Selain itu, Pemerintah dan Gereja lokal segera melakukan aksi konkret terkait masalah ini, bukan hanya sekadar berwacana.
Kenali Tanda dan Solusi Pencegahan
Dalam kesempatan itu, salah seorang Psikolog YMP Apolinaria Putri Bilo menjelaskan, beberapa tanda-tanda agar mengenali orang yang hendak bunuh diri.
Selain tanda-tanda, ia juga membeberkan solusi dan aksi nyata yang bisa diterapkan untuk mencegah bunuh diri terjadi.
Dalam presentasinya, Tira demikian ia disapa menjelaskan, tanda-tanda yang bisa dikenali pada orang yang berpotensi akan bunuh diri.

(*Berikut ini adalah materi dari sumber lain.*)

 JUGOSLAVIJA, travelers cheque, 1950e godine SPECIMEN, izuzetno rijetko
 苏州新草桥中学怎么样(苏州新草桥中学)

Hal itu bisa juga dilihat melalui gejala psikologi seperti sikap putus asa, kehilangan minat, merasa tidak berharga, menyalahkan diri sendiri, gangguan bipolar, anti sosial, mengucapkan selamat tinggal, selalu berbicara tentang kematian dan depresi berat.

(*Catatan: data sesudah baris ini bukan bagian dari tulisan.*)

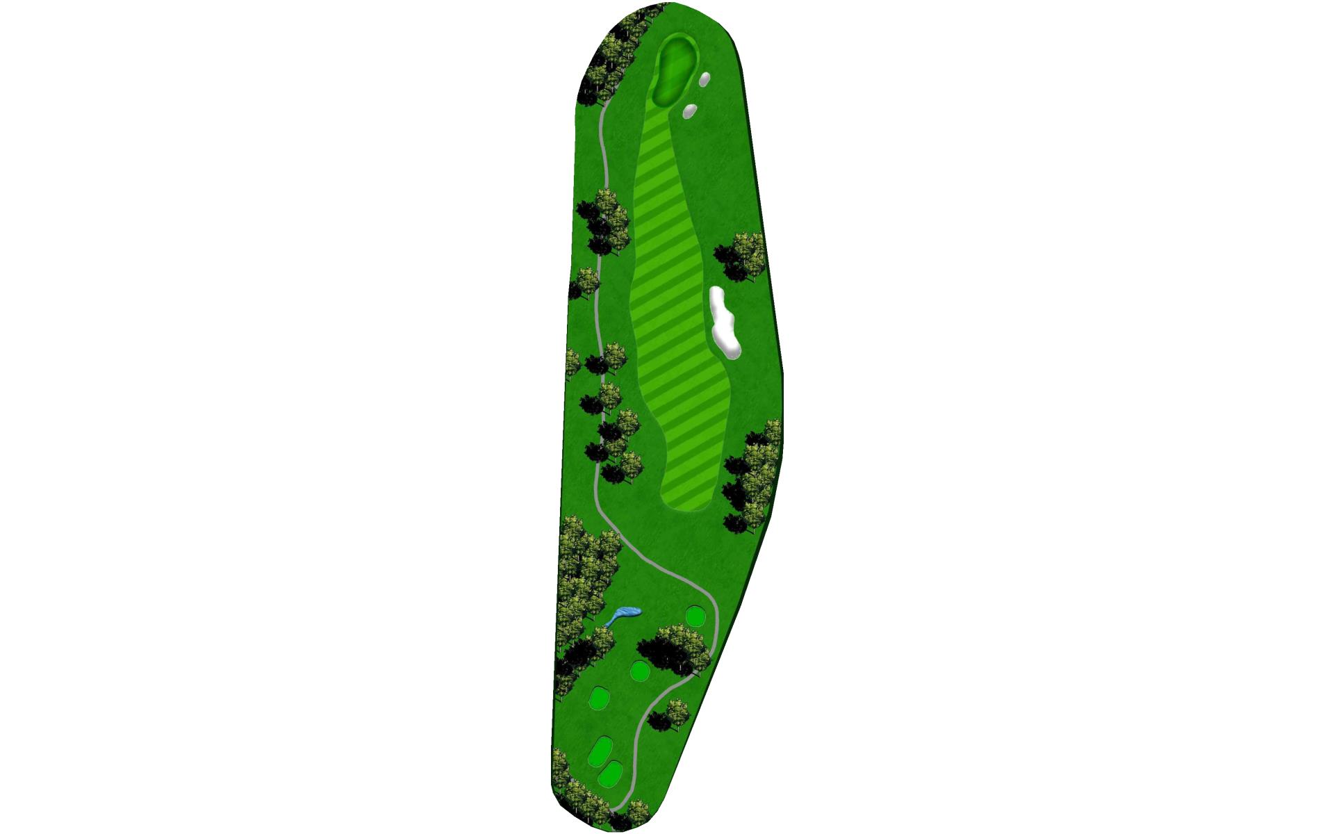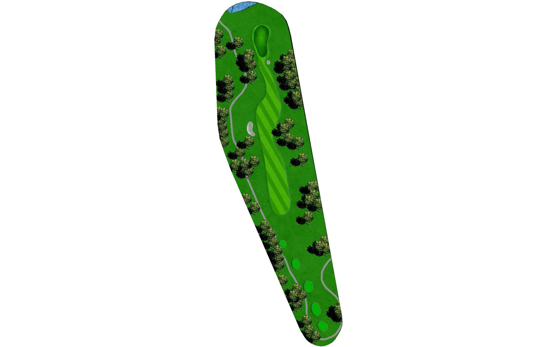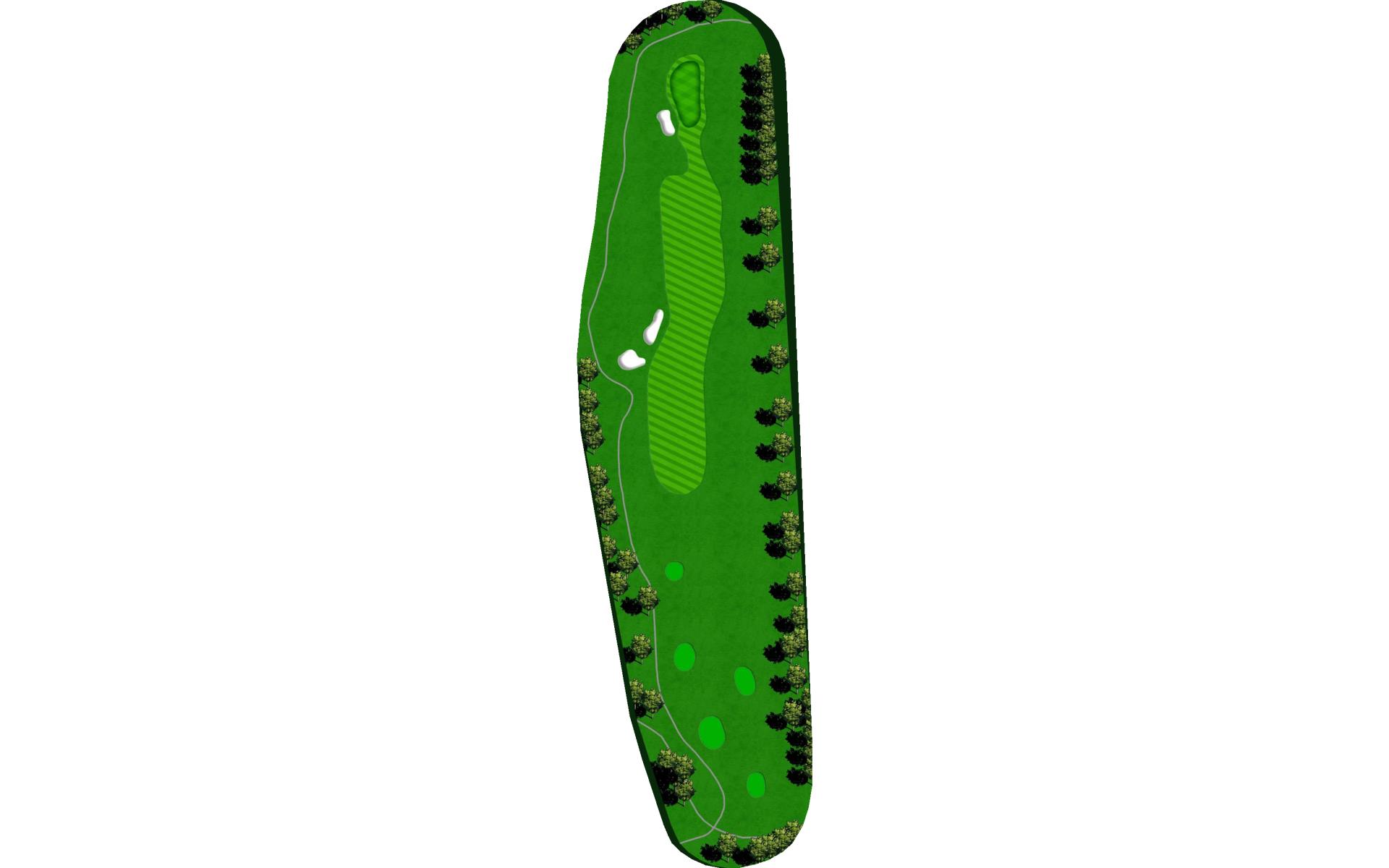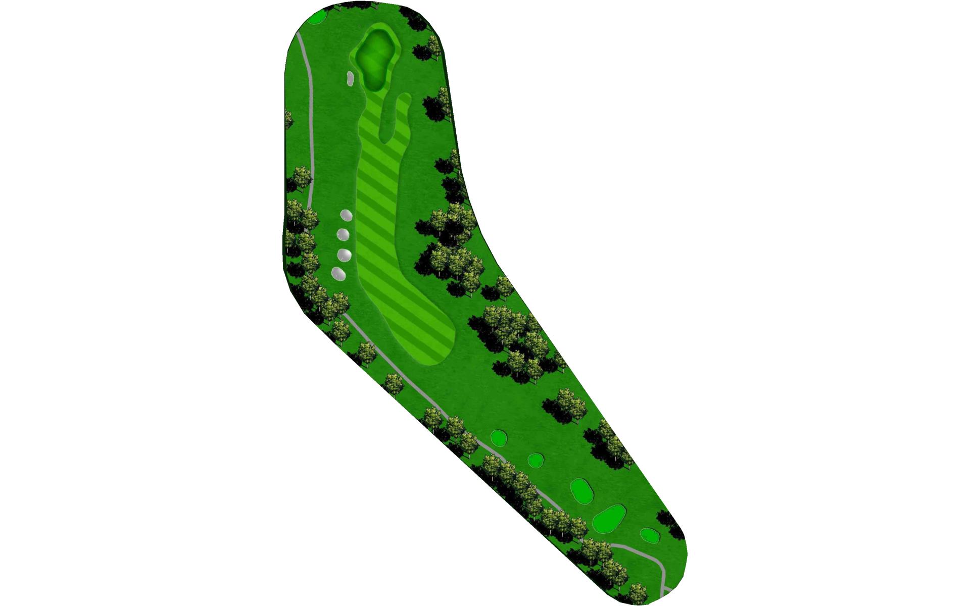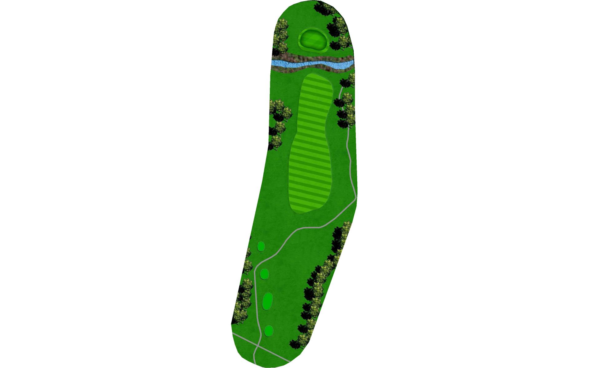 Can you turn it over? A slight draw is the play off the tee leaving you with a shot to a large green. Pick your club wisely on your second shot. Front to Back pin could be a 3 club difference.

“Banyak gejala yang bisa kita temukan pada orang-orang yang berpotensi bunuh diri seperti sikap putus asa. Biasanya juga mereka kehilangan minat, misalnya minatnya sering berolahraga mendadak hilang ataupun minat lain, serta gejala lain yang biasanya menjadi penanda seseorang berpotensi bunuh diri,” jelas Tira.
Terkait kasus bunuh diri yang belakangan terus meningkat, dia mengingatkan pentingnya melakukan kampanye anti bunuh diri yang menyasar semua elemen dan melibatkan semua pihak.

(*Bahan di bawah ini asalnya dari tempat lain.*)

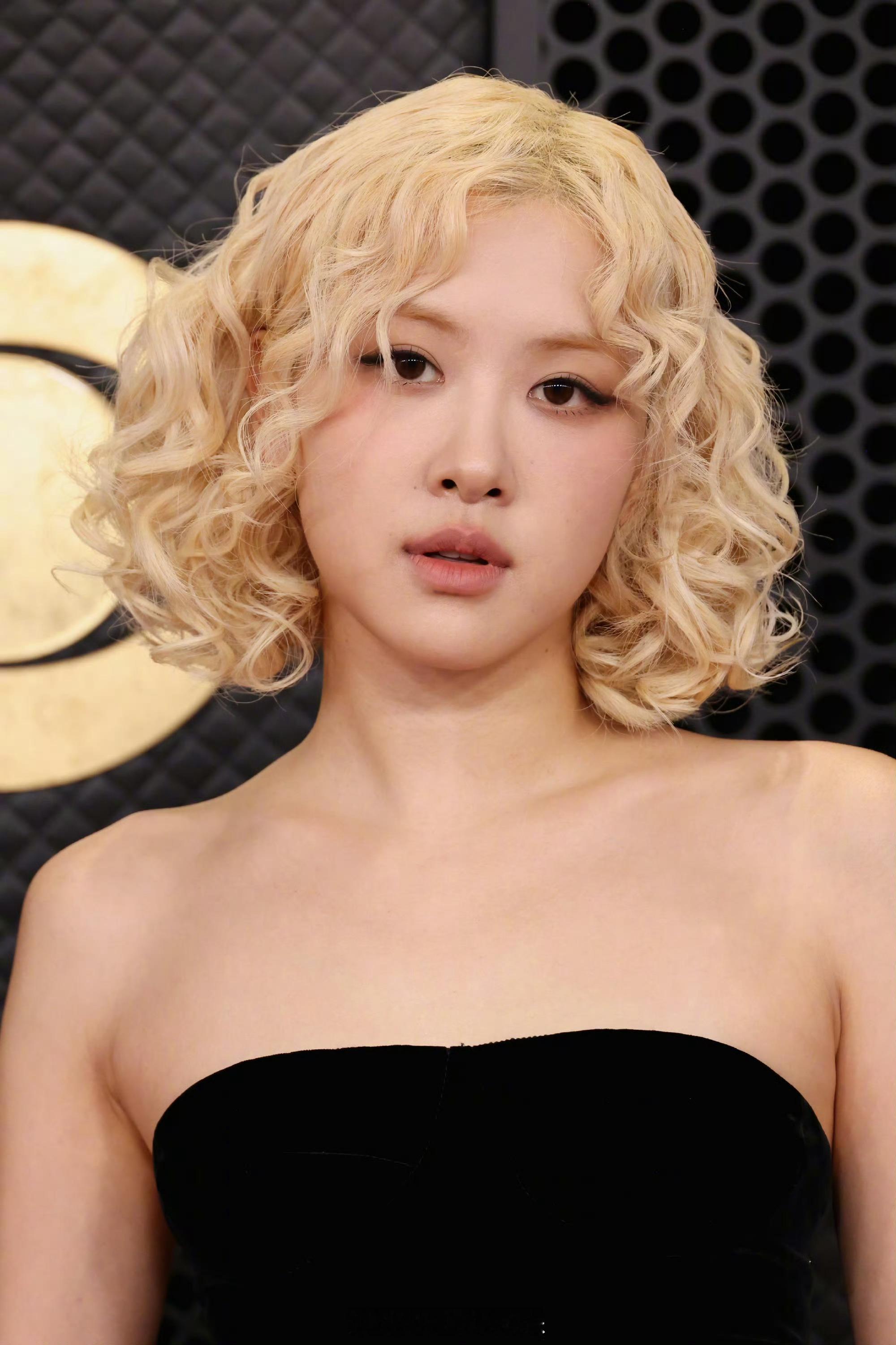 朴彩英格莱美红毯造型,定制黑白撞色抹胸裙,来看看状态朴彩英格莱美造型
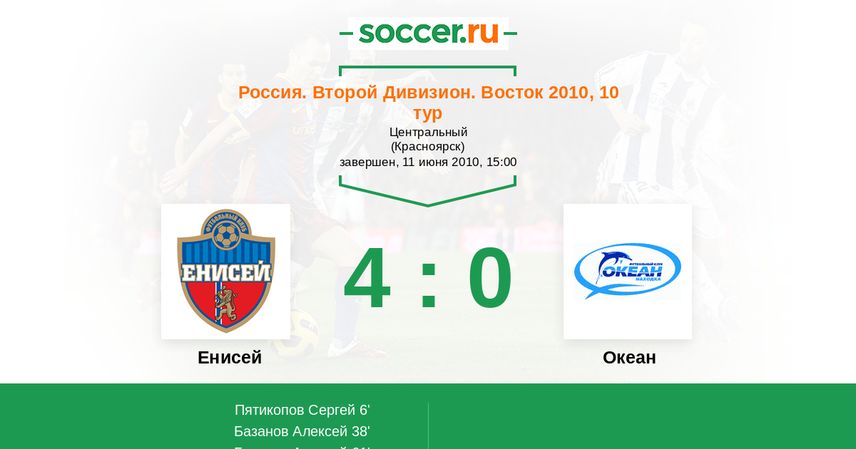 Россия. 2-й дивизион. Восток 08.08.2010 Океан Логотип футбольный клуб Океан (Находка) 1:1 Логотип футбольный клуб Енисей (Красноярск) Енисей
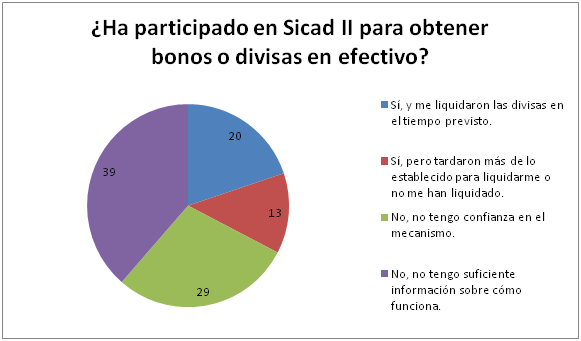 Mientras que el 29 por ciento aseguró no tener suficiente confianza en este sistema. Para el 20 por ciento su opinión es positiva porque le liquidaron las divisas solicitadas en el tiempo previsto. Y el 13 por ciento opina lo contrario porque o Sicad II no le aprobó las divisas o se las pagaron tarde.
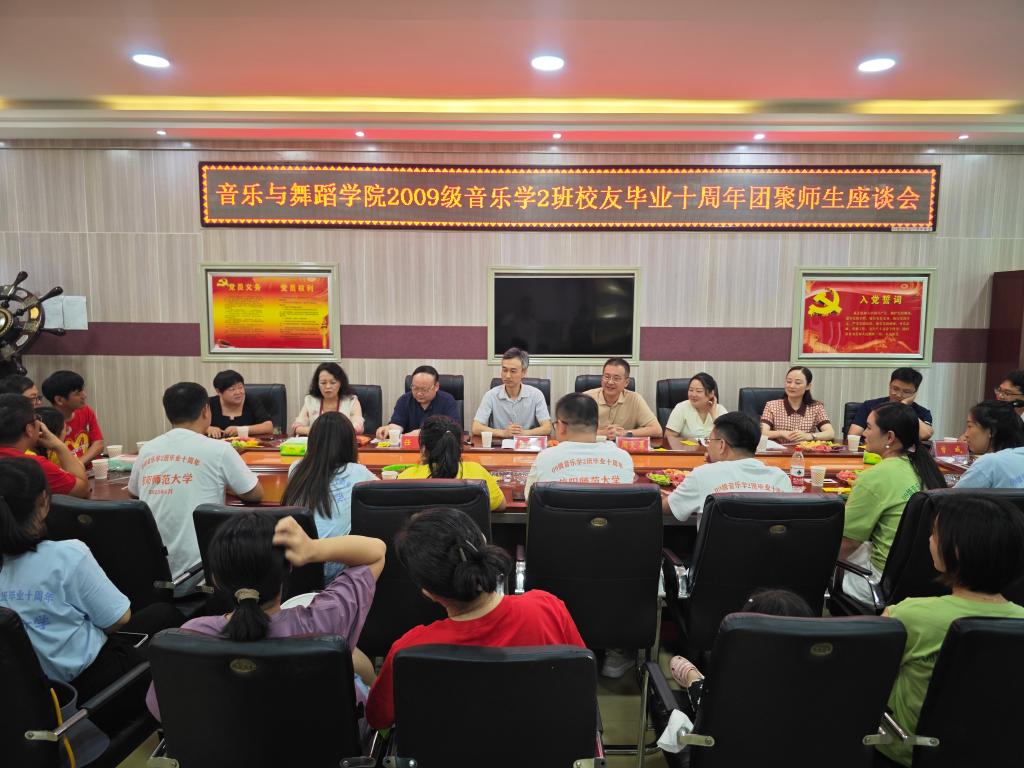“十年之约,初心不改”,6月23日,时值母校更名之际,2009级音乐学2班员工从全国各地回到母校,与阔别多年的老师和同学忆师恩、叙情谊,共话青春、共谋发展。公司党委书记周文勇,经理陈新宇,副经理任远,党委副书记雷玲、教师代表与返校员工见面并于党员之家会议室召开师生团聚座谈会,会议由该班班主任曾威老师主持。

Kampanye yang dilakukan dengan gencar, sambung dia, akan sangat membantu melakukan tindakan pencegahan.
“Semua pihak harus terlibat kampanye untuk mencegah ada korban lagi, misalnya dibuatkan kampanye sayangi dirimu, sayangi jiwamu. Kampanye ini menyasar semua kelompok seperti orang tua, sekolah, organisasi pemuda maupun LSM,” tambahnya.
Tira juga menyebutkan perlu banyak langkah yang ditempuh agar pencegahan bunuh diri ke depan bisa dilakukan dengan tuntas.
Adapun cara lain yang ia maksud seperti menyiapkan kader anti bunuh diri di sekolah-sekolah, melakukan pelatihan para kader anti bunuh diri dan melakukan banyak kegiatan untuk penyaluran minat dan bakat.